Exercises

Exercise 1: Keyword arguments

Keyword arguments (often denoted as kwargs but any name may be used) specify additional arguments which do not need to be used when the function is called. We recall the prepare_data function written earlier.

function prepare_data(X, y; do_normal=true, do_onehot=true, kwargs...)
    X_train, y_train, X_test, y_test = split(X, y; kwargs...)

    if do_normal
        X_train, X_test = normalize(X_train, X_test; kwargs...)
    end

    classes = unique(y)

    if do_onehot
        y_train = onehot(y_train, classes)
        y_test = onehot(y_test, classes)
    end

    return X_train, y_train, X_test, y_test, classes
end

All keyword arguments kwargs will be passed to the split and normalize functions. The benefit is that we do not need to specify the keyword arguments for split in prepare_data.

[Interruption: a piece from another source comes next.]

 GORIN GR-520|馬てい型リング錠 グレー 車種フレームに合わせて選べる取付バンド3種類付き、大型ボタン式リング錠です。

Recall that split takes ratio_split as an optional argument. Write a one-line function ratio_train which gets the training and testing sets and computes the ratio of samples in the training set. Then call the prepare_data with:

  • no normalization and the default split ratio;
  • normalization and the split ratio of 50/50;
Solution:

The ratio_train function reads:

ratio_train(X_train, X_test) = size(X_train, 2) / (size(X_train,2) + size(X_test,2))

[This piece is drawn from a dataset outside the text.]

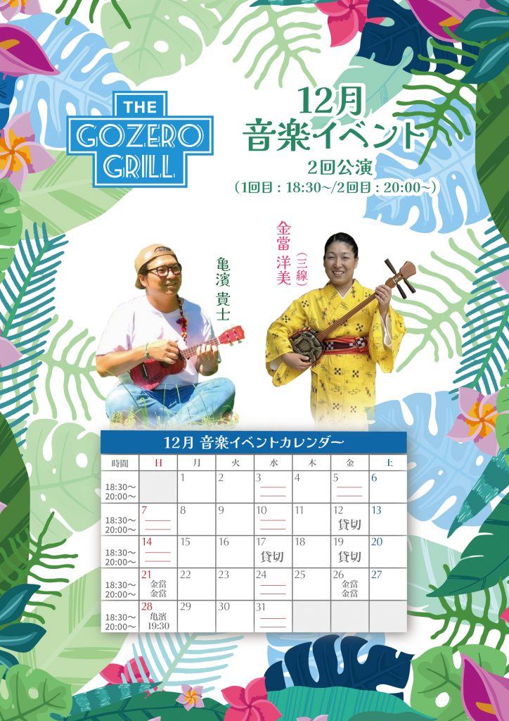 12月「The Gozero Grill」音楽イベント毎週:水、金、土、日曜日(2公演) 1回目18:30~ 2回目20:00~

The first case uses the default ratio; hence we do not pass ratio_split. Since we do not want to use normalization, we need to pass do_normal=false.

X_train, y_train, X_test, y_test, classes = prepare_data(X', y; dims=2, do_normal=false)
println("Ratio train/test = ", ratio_train(X_train, X_test))
Ratio train/test = 0.8

The second case behaves the other way round. We use the default normalization; thus, we do not need to specify do_normal=true (even though it may be a good idea). We need to pass ratio_train=0.5.

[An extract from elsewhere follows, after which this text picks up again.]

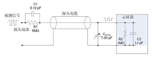 無源探頭的衰減功能是通過內(nèi)部電阻器來實現(xiàn)的,這一設計擴大了示波器的電壓測量范圍。當內(nèi)部電阻器與示波器的輸入電阻配合使用時,會形成一個分壓器。以典型的10x探頭為例,其內(nèi)部裝有一個9MΩ的電阻器。當這個探頭與具有1MΩ輸入阻抗的示波器連接時,會在示波器的輸入通道上產(chǎn)生10:1的衰減比。這意味著示波器上顯示的信號幅度將是實際測量信號幅度的十分之一。因此,在使用這類探頭時,我們還需要在示波器的通道設置中調(diào)整衰減比至相應的值(如10X),以確保測量結果的準確性

X_train, y_train, X_test, y_test, classes = prepare_data(X', y; dims=2, ratio_train=0.5)
println("Ratio train/test = ", ratio_train(X_train, X_test))
Ratio train/test = 0.5

The goal of the following exercise is to show the prediction function graphically. For this reason, we will consider only two features. All the following exercises use the data with the fixed seed for reproducibility.

Random.seed!(666)
X_train, y_train, X_test, y_test, classes = prepare_data(X[:,3:4]', y; dims = 2)
Exercise 2: Showing the contours

Use the same training procedure for 1000 iterations to train the classifier with the new data. Then plot a graph depicting which classes are predicted at subregions of $[-2,2]\times [-2,2]$. Moreover, depict the testing data in this graph.

Hint: use the heatmap function.

Solution:

The procedure for training the network is the same as during the lecture.

m = SimpleNet(size(X_train,1), 5, size(y_train,1))

α = 1e-1
max_iter = 1000
for iter in 1:max_iter
    grad_all = [grad(m, X_train[:,k], y_train[:,k]) for k in 1:size(X_train,2)]
    grad_mean = mean_tuple(grad_all)

    m.W1 .-= α*grad_mean[2]
    m.b1 .-= α*grad_mean[3]
    m.W2 .-= α*grad_mean[4]
    m.b2 .-= α*grad_mean[5]
end

The prediction function is m([x;y]). Since this creates a one-hot representation, we need to convert it into a one-cold representation. However, it is not possible to use onecold(m([x; y]), classes), which would result in one of the three string labels. We need to use onecold(m([x; y]), 1:3) to convert it to a real number. Then we call the heatmap function. Since we will later use plotting in a loop, we assign the graph to plt.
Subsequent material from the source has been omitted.